Leave out all pictures while you copy the lines exactly from the one with "Rayagada (85 km)" through the last line of the listing.

---+---

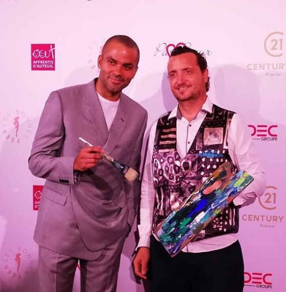 Il a également peint pour la soirée Gala de Tony Parker à Paris, pour le World Rugby Captain Dîner à Londres et à aussi réalisé une fresque murale à côté de Toulon sur le mur d’un stade en hommage à Christophe Dominici.
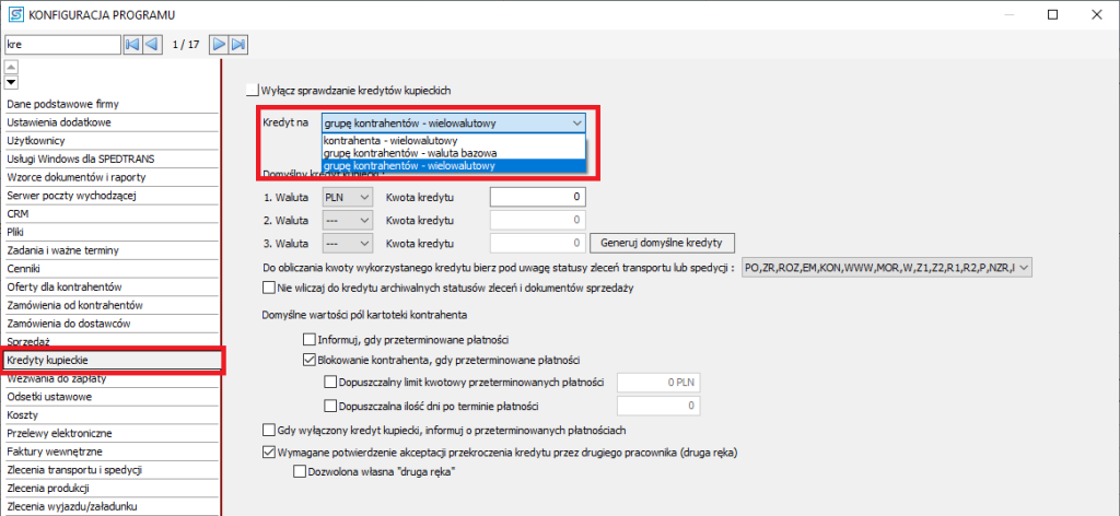 Zalecamy wdrożenie opisanej zmiany w konfiguracji programu SPEDTRANS. Nowy metoda naliczania została w pełni zoptymalizowana pod kątem działania programu. Zmiana dla użytkownika wiążę się tylko z wybraniem innej opcji w konfiguracji kredytu kupieckiego – sugerujemy wykonanie archiwum kopii zapasowej bazy danych przez wykonaniem tego kroku.
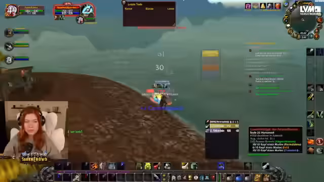 00:06:59Nachdem die Streamerin über das Real-Life-Hardcore-Gaming gesprochen hat, leitet sie zur Hauptthemas über: die Analyse von Todesclips aus der WoW-Hardcore-Community. Sie kommentiert verschiedene Clips, in denen Spieler, oft durch Fehleinschätzungen wie das Angriffen von orangefarbenen Monstern alleine, sterben. Eine häufige Ursache ist auch die Unaufmerksamkeit von Gruppenmitgliedern, die in der Nähe stehende Spieler nicht heilen, was zu vermeidbaren Toden führt.
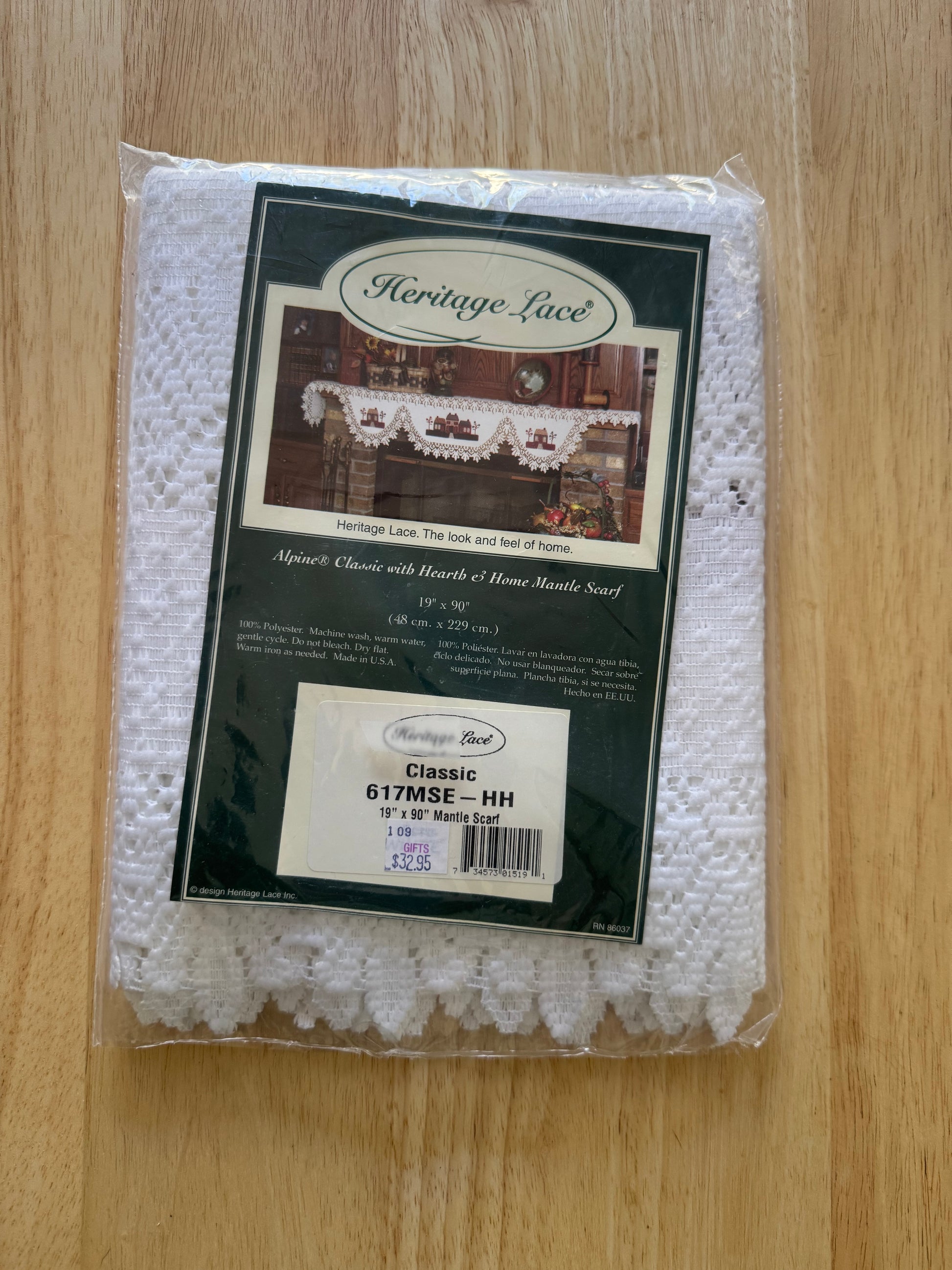 Drape your mantle with timeless elegance using this classic Hearth and Home scarf. At 19" x 90", it's the perfect length to frame your fireplace with graceful folds and seasonal charm.
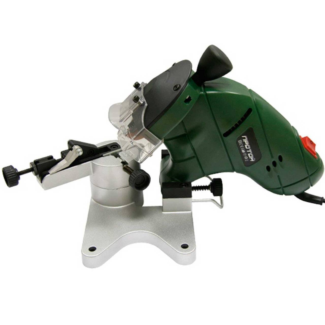 Станок для цепей отечественного производства мощностью 200 Вт. Двигатель разгоняет рабочую насадку до 6000 об/мин, поэтому заточка цепей производится довольно быстро. Диаметр заточного круга составляет 100 мм, толщина 3,2 мм, а посадочное гнездо у него 10 мм. В зависимости от типа цепи можно выбирать угол заточки от 0° до 30°. На корпусе устройства располагается ограничитель глубины заточки — он необходим, чтобы во время работы случайно не разрезать цепь избыточным надавливанием.
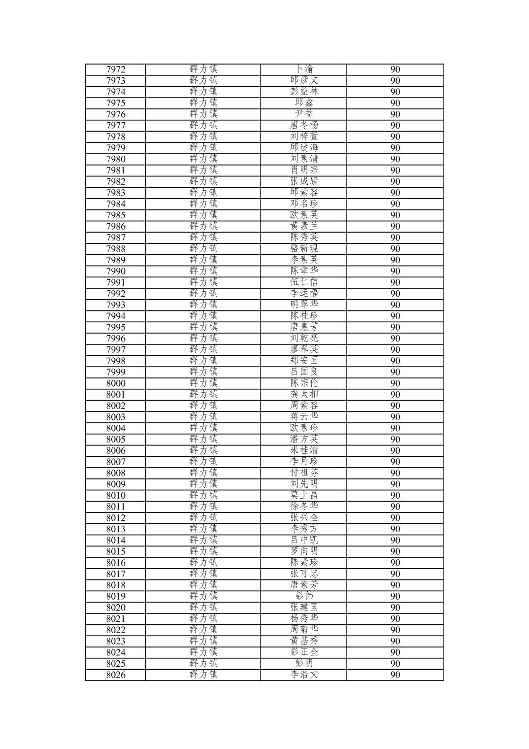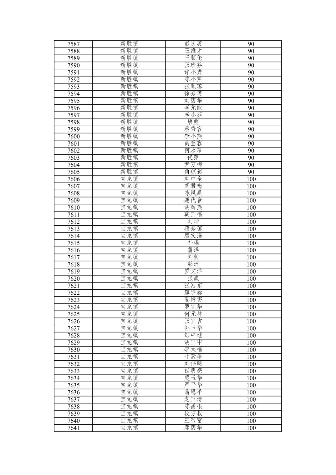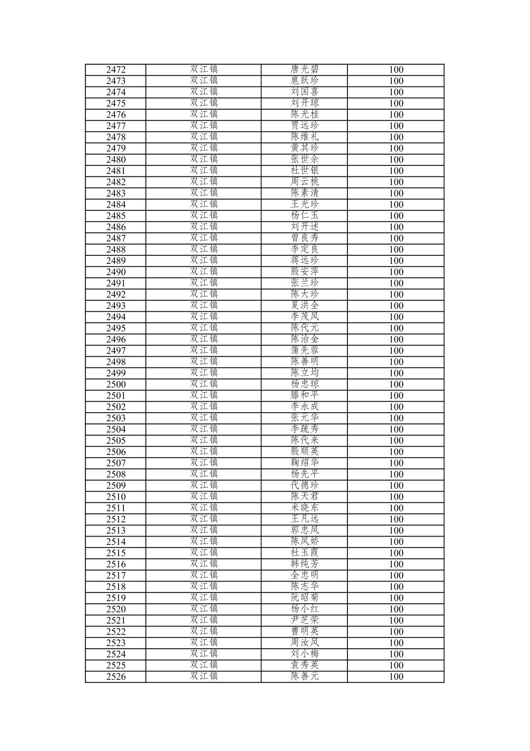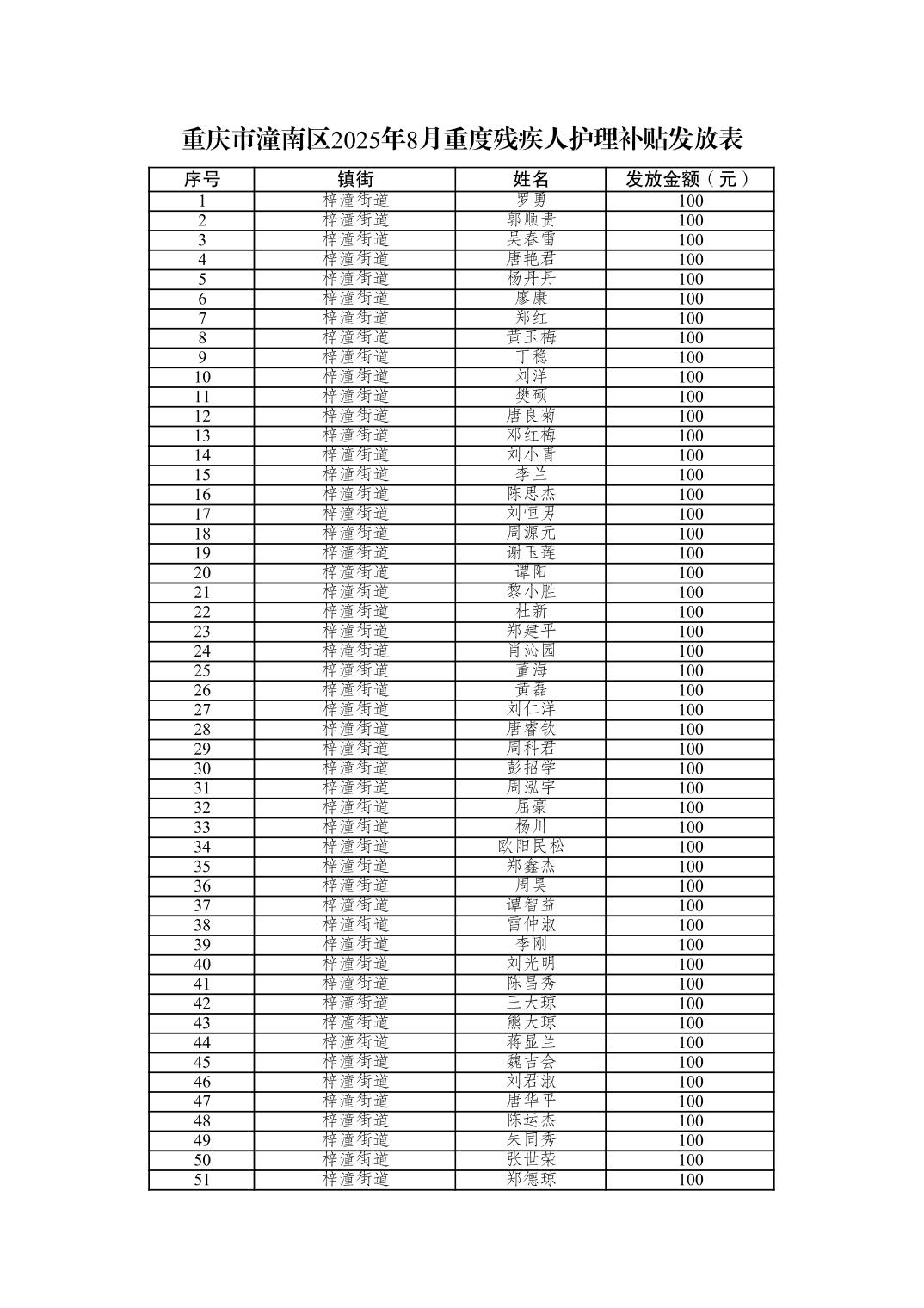 重庆市潼南区2025年8月重度残疾人护理补贴发放表
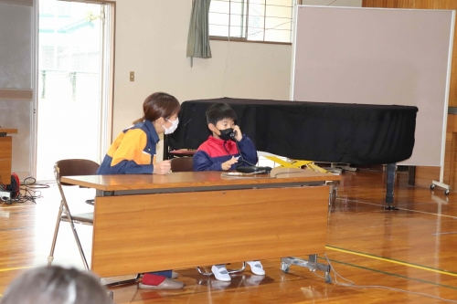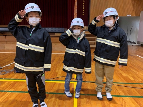 体育倉庫室で煙体験を行いましたが 煙で前が見えずびっくりしていたよう です。 今回の体験を生かして、1番大切な 「いのち」を大切にする行動がとれる よう今後も地域や学校で行う防災・消 火訓練などに参加してほしいです。
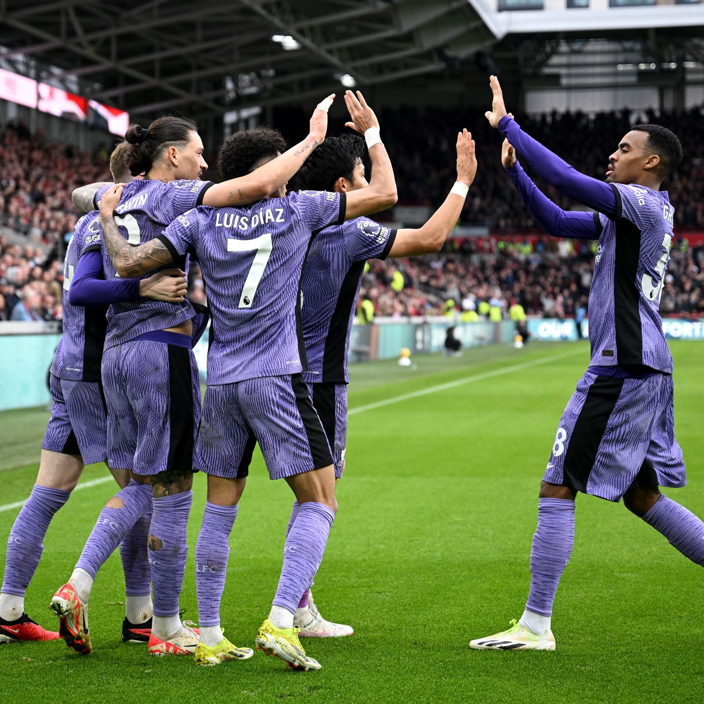وتكون خط الهجوم من البرتغالي ديوغو جوتا، والكولومبي لويز دياز، والأوروغواياني داروين نونيز، قبل أن يدخل المصري محمد صلاح بديلا.
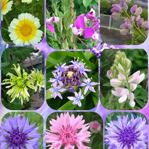 こんばんは✨🌛✨ 玄関周りや畑にいろんなお花が咲いてきました😊 左上から時計回りに、春菊の花、ポリガラ、矮性ルピナス薄紫、ビンク、矢車菊3色、カガリ弁咲ロレト、シラー・ペルビアナです✌️ 毎日色んな顔を見せてくれています、みんな綺麗に咲いてくれて嬉しいなぁ🥰
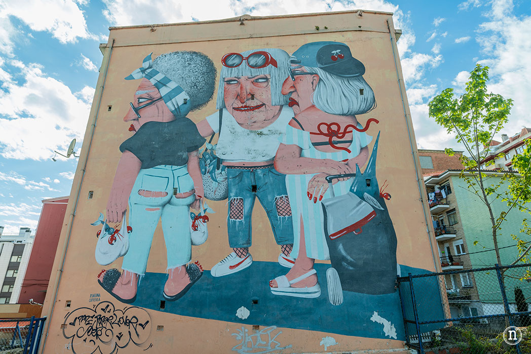 Así mismo, nada más bajar la escalera encontramos las Rederas. Se trata de una obra de Insulina kid que es un artista que domina tanto el muralismo como la ilustración y el comic.
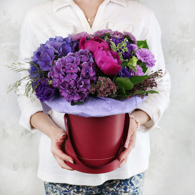 Композиция из пионов, гортензий, хризантем и лизиантусов в шляпной коробке| 8 500 Р | без скидки |
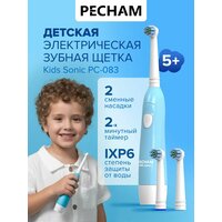 Электрическая зубная щетка детская PECHAM Kids Sonic PC-083, от 5+ круглая, электрическая щетка для мальчиков синяя на батарейках. С 5 лет. 2 вращающиеся насадки
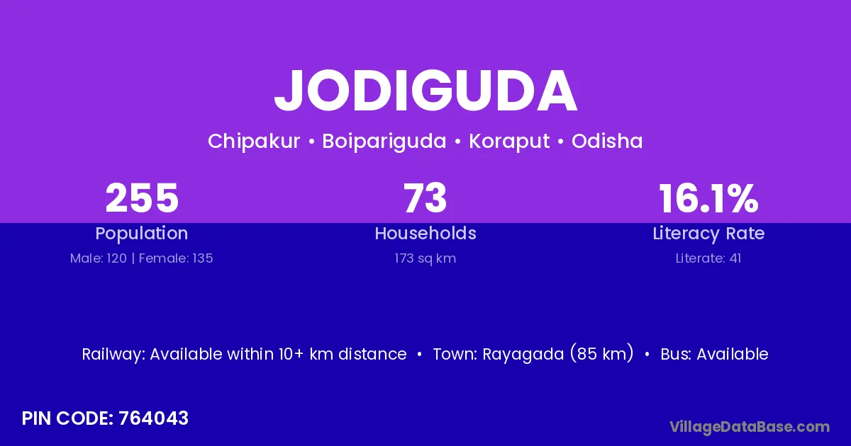 Rayagada (85 km) is the nearest town to Jodiguda village for major economic activities and is located approximately 85 km away.
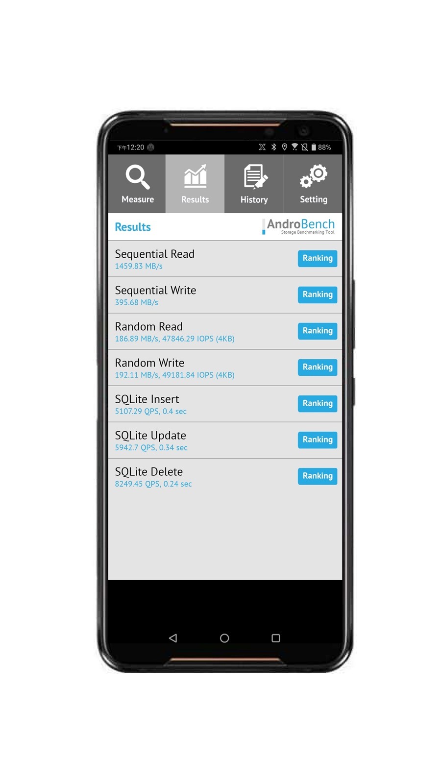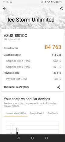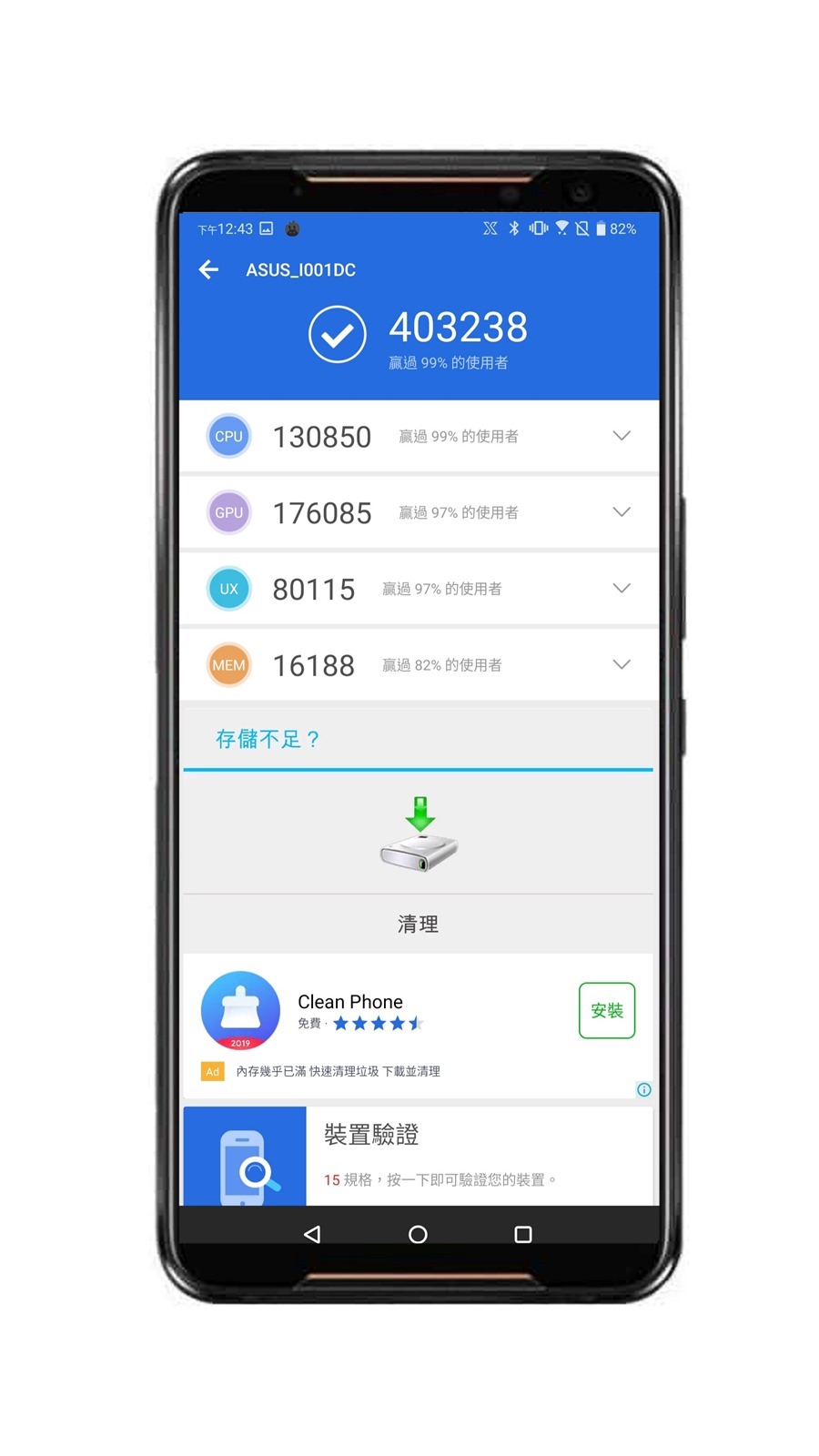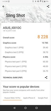 值得一提的是 ROG Phone 也是台灣首款搭載 UFS 3.0 高速儲存記憶體顆粒的手機,非常有助整體系統操作反應與遊戲的載入時間;實測可達讀取 1459MB,寫入每秒 395MB 的高速表現,高速的內建空間速度也讓 ROG Phone II 在多工等任何需要大量讀取的情況比起一般旗艦機有更迅速的反應。

---+---

**WRITTEN REPLY:**
 Rayagada (85 km) is the nearest town to Jodiguda village for major economic activities and is located approximately 85 km away.
 值得一提的是 ROG Phone 也是台灣首款搭載 UFS 3.0 高速儲存記憶體顆粒的手機,非常有助整體系統操作反應與遊戲的載入時間;實測可達讀取 1459MB,寫入每秒 395MB 的高速表現,高速的內建空間速度也讓 ROG Phone II 在多工等任何需要大量讀取的情況比起一般旗艦機有更迅速的反應。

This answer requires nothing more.